Diğer Seçeneklerin Görünür Olması: Seçim yapıldıktan sonra, seçilmeyen diğer seçenekler hala görünür ve erişilebilir olabilir. Bu durum, insanların seçtikleri şeyin yanı sıra diğer olasılıkları düşünmeye devam etmelerine neden olabilir.

Belirsizlik ve Riskten Kaçınma: Seçilen yol belirsizlik içeriyorsa veya risk taşıyorsa, insanlar bu belirsizlik ve riskle baş etmeye çalışırken alternatif seçeneklere yönelebilirler.

Hedeflerin ve Değerlerin Değişmesi: Zaman içinde bireyin hedefleri, değerleri veya öncelikleri değişebilir. Bu değişiklikler, başlangıçta tercih edilen seçenekle uyumsuz olabilir ve kişiyi alternatif seçeneklere yönlendirebilir.

Bu düşünceler, bireyin içsel çatışma yaşamasına ve belirli bir seçimi sorgulamasına neden olabilir. Ancak, bu durum aynı zamanda kişinin değerlendirmelerini gözden geçirmesi, öğrenmesi ve gelişmesi için bir fırsat da sunabilir. İnsanlar zaman içinde deneyim kazandıkça, seçimleri ve bu seçimlere yönelik düşünceleri daha iyi anlamaya ve kabullenmeye başlayabilirler.”

“BAKIŞ AÇIMIZ YAPTIĞIMIZ SEÇİMLERDE ÖNEMLİ BİR ROL OYNAR”

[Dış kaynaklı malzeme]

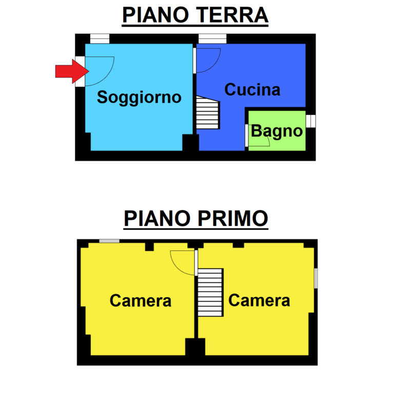 Al piano terra ingresso su soggiorno, cucina semiabitabile e bagno. Collegato da scala interna, al primo piano troviamo due camere da letto. Disponibile posto auto ad uso esclusivo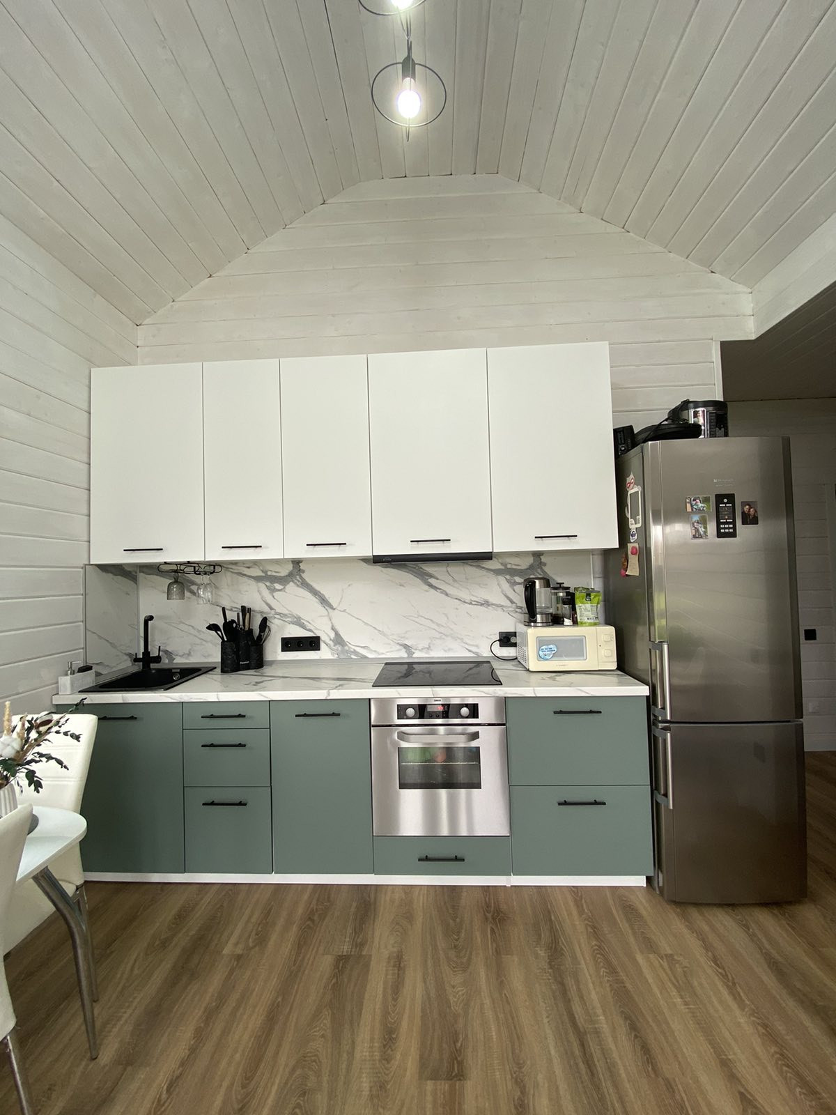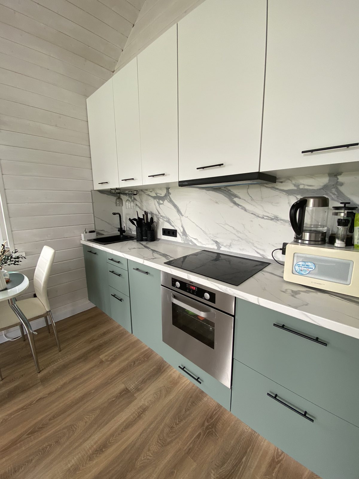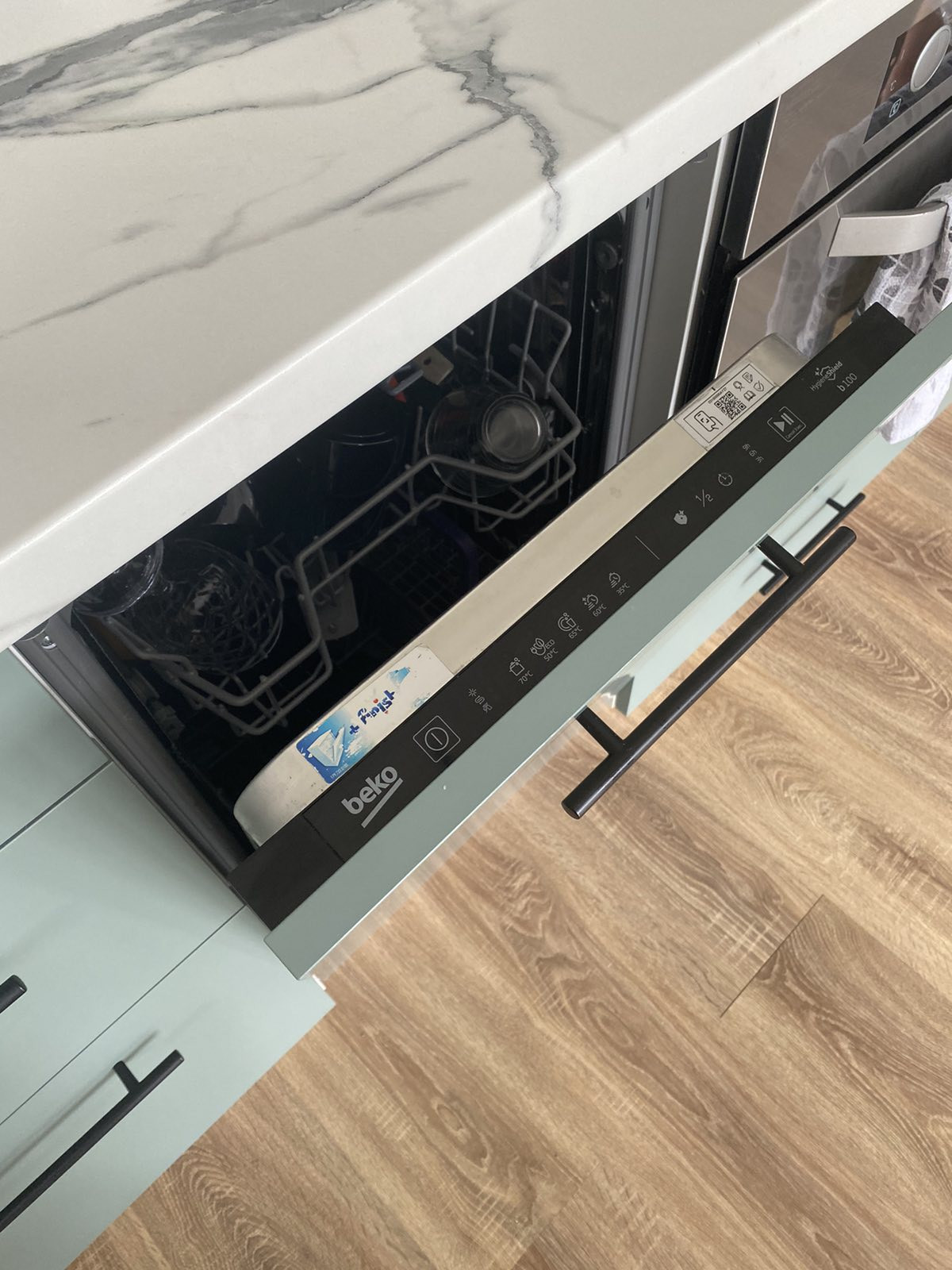 - качественная кухня с хорошей фурнитурой, доводчиками, встроенной техникой: посудомоечная машина Веко, вытяжка, электрическая варочная панель, электрический духовой шкаф

Yaptığımız seçimlerde birden fazla faktörün etkisi olduğunu söyleyen Taşkın, şu şekilde konuştu: “Seçimlerimizi etkileyen birçok faktör vardır, bunlar arasında genetik miras, çevresel etkiler, eğitim düzeyi, kültürel etkiler ve yaşam deneyimleri bulunabilir. Ancak, bu faktörlerin yanı sıra insanlar genellikle kendi kararlarını verebilme yeteneğine sahiptir. Bakış açısı, yaptığımız seçimlerde önemli bir rol oynar. Bir kişinin değerleri, inançları ve deneyimleri, onun kararlarını şekillendirir. Ancak bu bakış açısı aynı zamanda bir kişinin seçenekleri değerlendirme ve değerlendirme şeklini de etkiler.”